Shell cuts dividend and first buyback tranche due to Covid-19
The oil major has cut its quarterly dividend by two-thirds, the first time since World War 2, as first-quarter profits slump 46%
London — Royal Dutch Shell cut its dividend for the first time since World War 2 on Thursday as the energy company retrenched in the face of an unprecedented drop in oil demand due to the coronavirus pandemic.
Shell also suspended the next tranche of its share buyback programme and said it is reducing oil and gas output by nearly a quarter after its net profit almost halved in the first three months of 2020.
Shell’s shares in London had slumped 7% by 7.53am GMT, sharply underperforming rival BP, which was down 2.2%.
For years, Shell has taken pride in having never cut its dividend since the 1940s, resisting such a move even during the deep downturns in the oil market of the 1980s. Some investors, however, had called on major oil firms to break an industry taboo and consider cutting dividends, rather than taking on more debt to maintain payouts.
“Given the risk of a prolonged period of economic uncertainty, weaker commodity prices, higher volatility and uncertain demand outlook, the board believes that maintaining the current level of shareholder distributions is not prudent,” Shell chair Chad Holliday said.
He also said the cut in Shell’s payout was a long-term “re-set” of the company’s dividend policy.
Shell said it would reduce its quarterly dividend by two-thirds to 16c per share from the 47c it paid each quarter in 2019. If maintained for 2020 as a whole, Shell would save about $10bn.

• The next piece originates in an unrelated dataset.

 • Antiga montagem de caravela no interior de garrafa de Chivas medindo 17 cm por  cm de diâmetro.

Shell is the first of the five oil majors to cut its dividend because of the fallout from the coronavirus crisis. BP and ExxonMobil have said they will maintain their first-quarter dividends while Total and Chevron have yet to report first-quarter results.

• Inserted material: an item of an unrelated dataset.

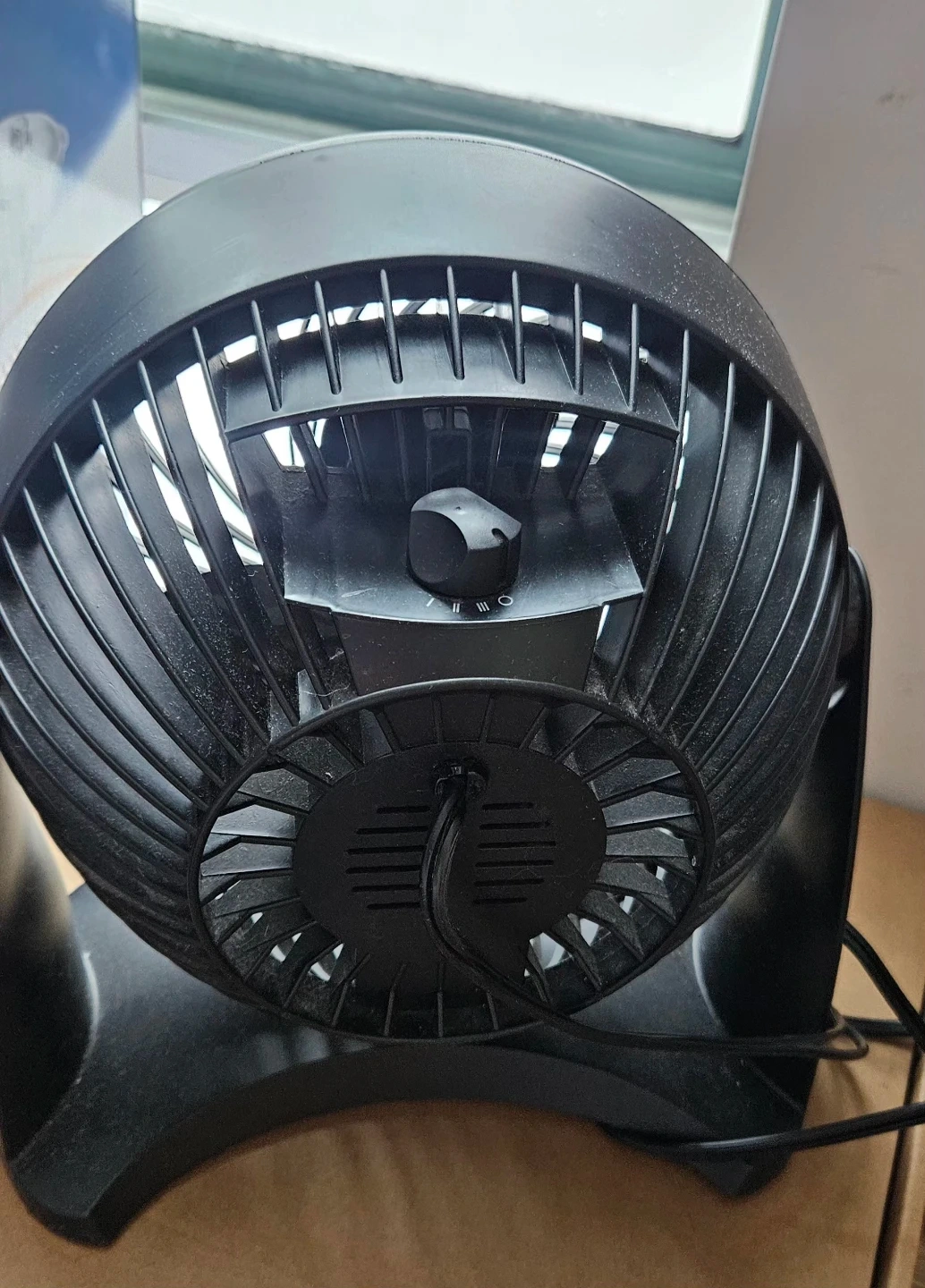 This Honeywell desk fan is black and has multiple speed settings controlled by a dial. It's great for personal cooling. It has a sturdy base for stability.

The dividend cut also comes after Shell, this month, laid out the oil and gas sector’s most extensive strategy yet to reduce greenhouse gas emissions to net zero by 2050.
“The 66% dividend cut is a necessary evil to reinforce Shell’s capital frame and position it for the offence on the energy transition,” JPMorgan analyst Christyan Malek said.

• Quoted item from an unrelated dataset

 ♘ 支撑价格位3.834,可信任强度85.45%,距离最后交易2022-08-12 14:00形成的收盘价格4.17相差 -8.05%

Shell paid about $15bn in dividends last year making it the world’s biggest payer of dividends after Saudi Arabia’s national oil company Saudi Aramco. Dividends paid by Shell and BP last year also represented 24% of the £75bn in total paid out by companies in the FTSE 100 index of leading shares.
Following years of deep cost cuts after its acquisition of BG Group for $53bn in 2016, Shell had previously planned to boost payouts to investors through dividends and share buybacks to $125bn between 2021 and 2025.
Outside the oil majors, Norway’s Equinor became the first large oil company to cut its dividend in response to the current downturn, reducing its first-quarter payout last week by two-thirds.
Global energy demand could slump by 6% in 2020 due to coronavirus lockdowns and travel restrictions in what would be the largest contraction in absolute terms on record, the International Energy Agency (IEA) said on Thursday.
Shell said last month that it would reduce capital expenditure this year to $20bn at most from a planned level of about $25bn and also cut an additional $3bn to $4bn off operating costs over the next 12 months.
Its first-quarter net income attributable to shareholders based on a current cost of supplies and excluding identified items, fell 46% from a year earlier to $2.9bn, above the consensus in an analyst survey provided by Shell.
Shell’s fourth-quarter net income was also $2.9bn.
The company said it cut activity at its refining business by up to 40% in response to the demand shock.
Shell said it expects to cut production of oil and gas in the second quarter to between 1.75-million and 2.25-million barrels of oil equivalent per day (boed) from 2.7-million boed in the first quarter.
Shell’s gearing, or its debt-to-capital ratio, edged down to 28.9% in the first quarter from 29.3% in the fourth quarter, but was up from 26.5% in the same period a year earlier.